* WORK REQUEST
Would you output the following records verbatim and skip the images in them?

START DATA FOR ANALYSIS

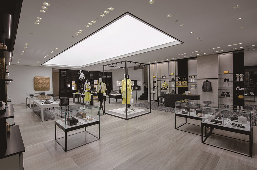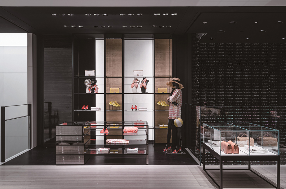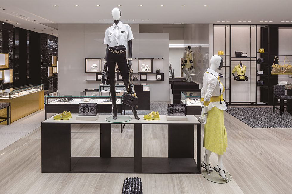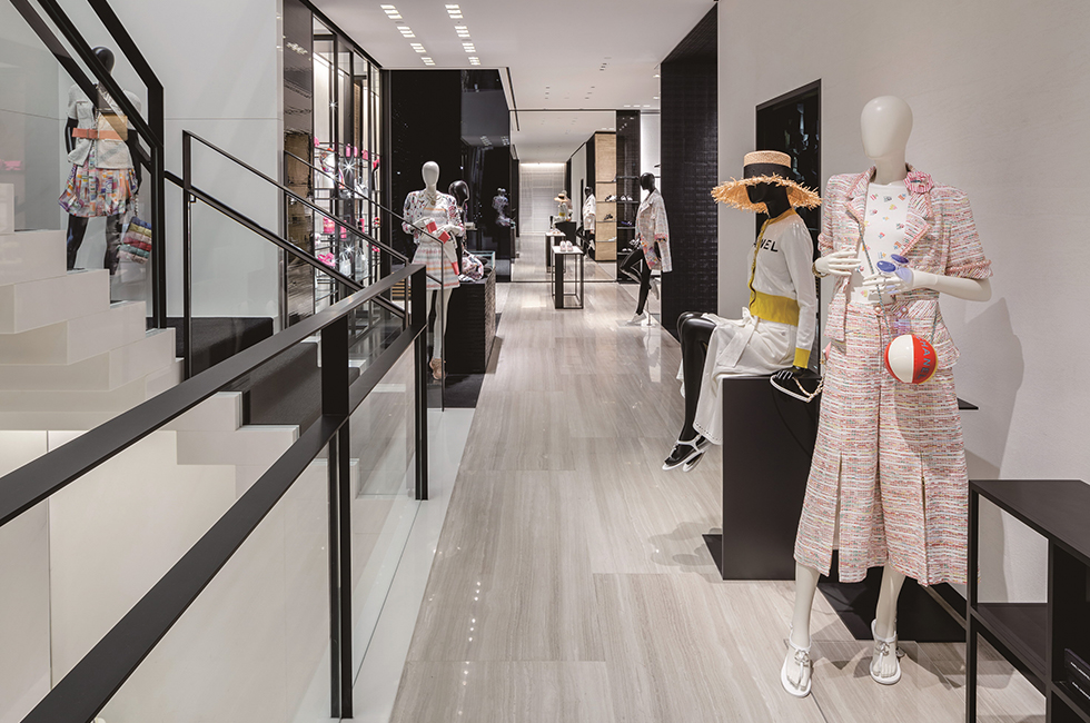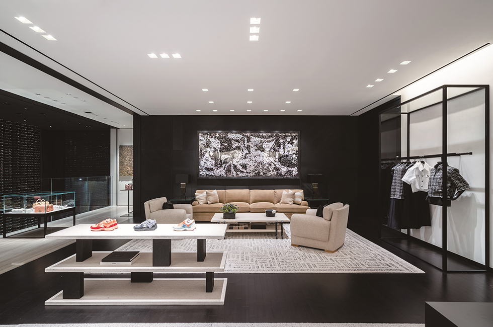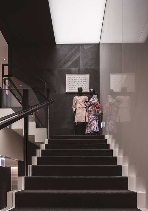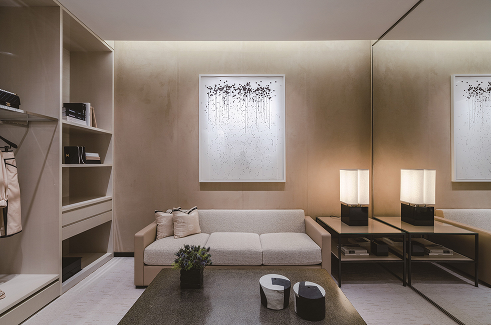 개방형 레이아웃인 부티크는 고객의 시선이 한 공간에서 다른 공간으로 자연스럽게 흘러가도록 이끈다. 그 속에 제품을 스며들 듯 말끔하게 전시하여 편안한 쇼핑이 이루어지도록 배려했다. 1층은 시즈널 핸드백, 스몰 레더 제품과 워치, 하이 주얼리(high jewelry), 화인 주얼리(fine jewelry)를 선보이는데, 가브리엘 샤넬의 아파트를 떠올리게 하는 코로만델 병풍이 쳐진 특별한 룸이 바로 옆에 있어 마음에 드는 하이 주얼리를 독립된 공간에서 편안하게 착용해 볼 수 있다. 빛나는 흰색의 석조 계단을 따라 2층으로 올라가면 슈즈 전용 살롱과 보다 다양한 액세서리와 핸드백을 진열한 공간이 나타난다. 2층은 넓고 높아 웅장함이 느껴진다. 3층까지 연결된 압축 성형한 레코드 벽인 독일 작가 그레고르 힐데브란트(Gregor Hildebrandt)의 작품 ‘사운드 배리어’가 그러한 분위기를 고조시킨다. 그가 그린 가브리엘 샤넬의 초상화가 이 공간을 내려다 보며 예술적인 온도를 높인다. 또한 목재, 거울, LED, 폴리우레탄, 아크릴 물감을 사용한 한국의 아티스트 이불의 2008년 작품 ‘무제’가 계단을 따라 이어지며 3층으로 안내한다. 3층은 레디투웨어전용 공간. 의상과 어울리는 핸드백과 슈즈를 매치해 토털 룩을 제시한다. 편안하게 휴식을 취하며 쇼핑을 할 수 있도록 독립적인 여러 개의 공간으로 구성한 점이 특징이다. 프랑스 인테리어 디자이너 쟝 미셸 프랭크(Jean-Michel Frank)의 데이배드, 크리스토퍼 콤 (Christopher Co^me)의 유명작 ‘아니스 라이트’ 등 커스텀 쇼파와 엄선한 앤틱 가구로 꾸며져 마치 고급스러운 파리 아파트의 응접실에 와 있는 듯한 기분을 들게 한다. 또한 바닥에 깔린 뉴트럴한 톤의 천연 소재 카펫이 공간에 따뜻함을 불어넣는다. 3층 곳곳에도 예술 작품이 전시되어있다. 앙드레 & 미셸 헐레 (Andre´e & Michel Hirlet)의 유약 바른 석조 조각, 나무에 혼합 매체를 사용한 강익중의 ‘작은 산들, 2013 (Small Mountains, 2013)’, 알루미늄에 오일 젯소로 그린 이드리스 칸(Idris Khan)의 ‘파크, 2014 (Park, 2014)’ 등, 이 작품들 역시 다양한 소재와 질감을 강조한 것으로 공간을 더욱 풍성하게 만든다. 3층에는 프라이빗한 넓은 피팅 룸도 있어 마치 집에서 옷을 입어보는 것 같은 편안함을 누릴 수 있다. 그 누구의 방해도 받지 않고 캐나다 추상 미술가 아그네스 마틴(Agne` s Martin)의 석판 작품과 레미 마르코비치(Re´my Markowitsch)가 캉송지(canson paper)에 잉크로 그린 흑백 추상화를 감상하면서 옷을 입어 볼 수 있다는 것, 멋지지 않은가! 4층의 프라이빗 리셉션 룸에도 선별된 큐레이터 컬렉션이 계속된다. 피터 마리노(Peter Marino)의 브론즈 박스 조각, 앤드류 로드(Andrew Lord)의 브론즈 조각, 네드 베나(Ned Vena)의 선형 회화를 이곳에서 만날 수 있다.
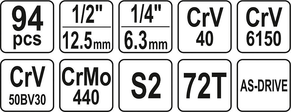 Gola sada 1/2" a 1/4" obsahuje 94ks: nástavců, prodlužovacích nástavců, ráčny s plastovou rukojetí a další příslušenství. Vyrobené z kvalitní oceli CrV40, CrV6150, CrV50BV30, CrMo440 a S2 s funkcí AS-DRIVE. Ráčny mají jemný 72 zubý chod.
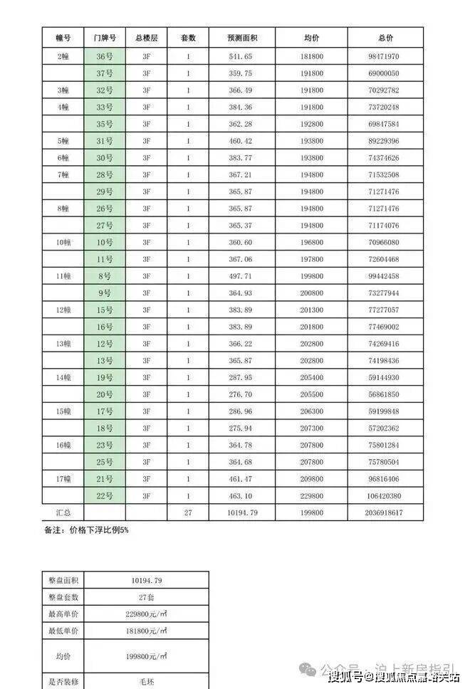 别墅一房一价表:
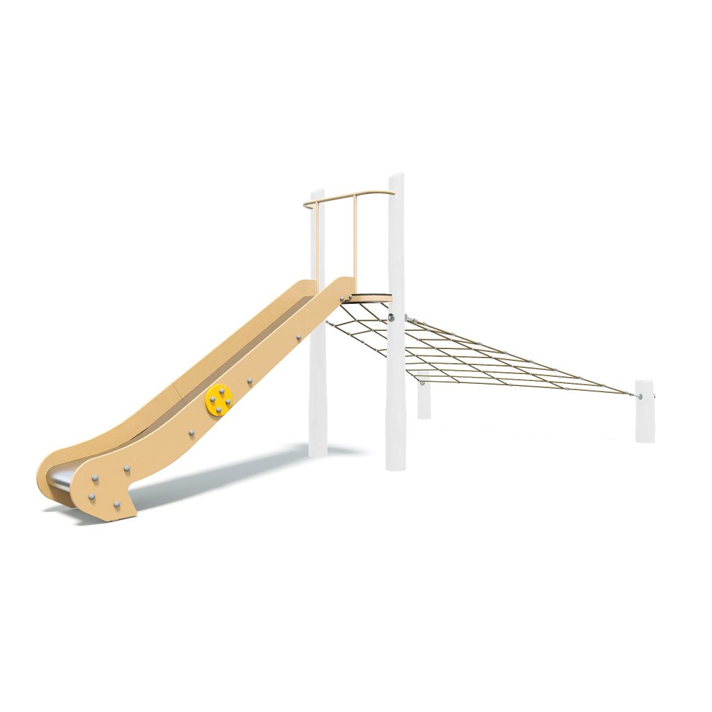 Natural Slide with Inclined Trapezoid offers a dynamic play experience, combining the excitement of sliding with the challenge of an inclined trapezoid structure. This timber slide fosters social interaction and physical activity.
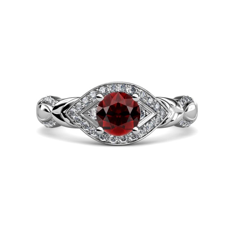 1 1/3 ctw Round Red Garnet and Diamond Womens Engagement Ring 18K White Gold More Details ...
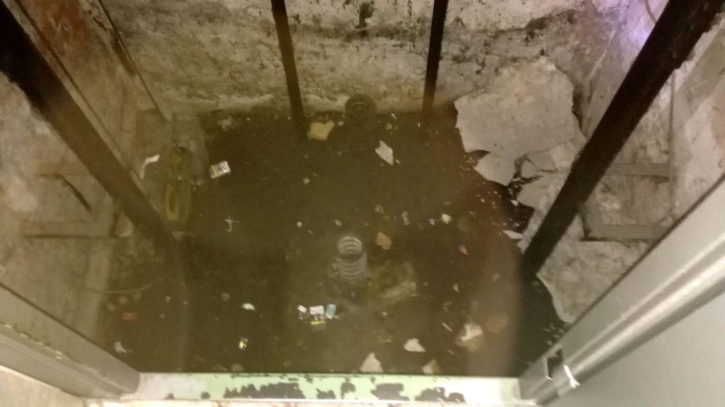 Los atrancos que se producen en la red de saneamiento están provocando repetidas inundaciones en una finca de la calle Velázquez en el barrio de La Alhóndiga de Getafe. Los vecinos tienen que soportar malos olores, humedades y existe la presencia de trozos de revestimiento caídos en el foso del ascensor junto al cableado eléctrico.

END DATA FOR ANALYSIS

* EXPECTED ANSWER
 개방형 레이아웃인 부티크는 고객의 시선이 한 공간에서 다른 공간으로 자연스럽게 흘러가도록 이끈다. 그 속에 제품을 스며들 듯 말끔하게 전시하여 편안한 쇼핑이 이루어지도록 배려했다. 1층은 시즈널 핸드백, 스몰 레더 제품과 워치, 하이 주얼리(high jewelry), 화인 주얼리(fine jewelry)를 선보이는데, 가브리엘 샤넬의 아파트를 떠올리게 하는 코로만델 병풍이 쳐진 특별한 룸이 바로 옆에 있어 마음에 드는 하이 주얼리를 독립된 공간에서 편안하게 착용해 볼 수 있다. 빛나는 흰색의 석조 계단을 따라 2층으로 올라가면 슈즈 전용 살롱과 보다 다양한 액세서리와 핸드백을 진열한 공간이 나타난다. 2층은 넓고 높아 웅장함이 느껴진다. 3층까지 연결된 압축 성형한 레코드 벽인 독일 작가 그레고르 힐데브란트(Gregor Hildebrandt)의 작품 ‘사운드 배리어’가 그러한 분위기를 고조시킨다. 그가 그린 가브리엘 샤넬의 초상화가 이 공간을 내려다 보며 예술적인 온도를 높인다. 또한 목재, 거울, LED, 폴리우레탄, 아크릴 물감을 사용한 한국의 아티스트 이불의 2008년 작품 ‘무제’가 계단을 따라 이어지며 3층으로 안내한다. 3층은 레디투웨어전용 공간. 의상과 어울리는 핸드백과 슈즈를 매치해 토털 룩을 제시한다. 편안하게 휴식을 취하며 쇼핑을 할 수 있도록 독립적인 여러 개의 공간으로 구성한 점이 특징이다. 프랑스 인테리어 디자이너 쟝 미셸 프랭크(Jean-Michel Frank)의 데이배드, 크리스토퍼 콤 (Christopher Co^me)의 유명작 ‘아니스 라이트’ 등 커스텀 쇼파와 엄선한 앤틱 가구로 꾸며져 마치 고급스러운 파리 아파트의 응접실에 와 있는 듯한 기분을 들게 한다. 또한 바닥에 깔린 뉴트럴한 톤의 천연 소재 카펫이 공간에 따뜻함을 불어넣는다. 3층 곳곳에도 예술 작품이 전시되어있다. 앙드레 & 미셸 헐레 (Andre´e & Michel Hirlet)의 유약 바른 석조 조각, 나무에 혼합 매체를 사용한 강익중의 ‘작은 산들, 2013 (Small Mountains, 2013)’, 알루미늄에 오일 젯소로 그린 이드리스 칸(Idris Khan)의 ‘파크, 2014 (Park, 2014)’ 등, 이 작품들 역시 다양한 소재와 질감을 강조한 것으로 공간을 더욱 풍성하게 만든다. 3층에는 프라이빗한 넓은 피팅 룸도 있어 마치 집에서 옷을 입어보는 것 같은 편안함을 누릴 수 있다. 그 누구의 방해도 받지 않고 캐나다 추상 미술가 아그네스 마틴(Agne` s Martin)의 석판 작품과 레미 마르코비치(Re´my Markowitsch)가 캉송지(canson paper)에 잉크로 그린 흑백 추상화를 감상하면서 옷을 입어 볼 수 있다는 것, 멋지지 않은가! 4층의 프라이빗 리셉션 룸에도 선별된 큐레이터 컬렉션이 계속된다. 피터 마리노(Peter Marino)의 브론즈 박스 조각, 앤드류 로드(Andrew Lord)의 브론즈 조각, 네드 베나(Ned Vena)의 선형 회화를 이곳에서 만날 수 있다.
 Gola sada 1/2" a 1/4" obsahuje 94ks: nástavců, prodlužovacích nástavců, ráčny s plastovou rukojetí a další příslušenství. Vyrobené z kvalitní oceli CrV40, CrV6150, CrV50BV30, CrMo440 a S2 s funkcí AS-DRIVE. Ráčny mají jemný 72 zubý chod.
 别墅一房一价表:
 Natural Slide with Inclined Trapezoid offers a dynamic play experience, combining the excitement of sliding with the challenge of an inclined trapezoid structure. This timber slide fosters social interaction and physical activity.
 1 1/3 ctw Round Red Garnet and Diamond Womens Engagement Ring 18K White Gold More Details ...
 Los atrancos que se producen en la red de saneamiento están provocando repetidas inundaciones en una finca de la calle Velázquez en el barrio de La Alhóndiga de Getafe. Los vecinos tienen que soportar malos olores, humedades y existe la presencia de trozos de revestimiento caídos en el foso del ascensor junto al cableado eléctrico.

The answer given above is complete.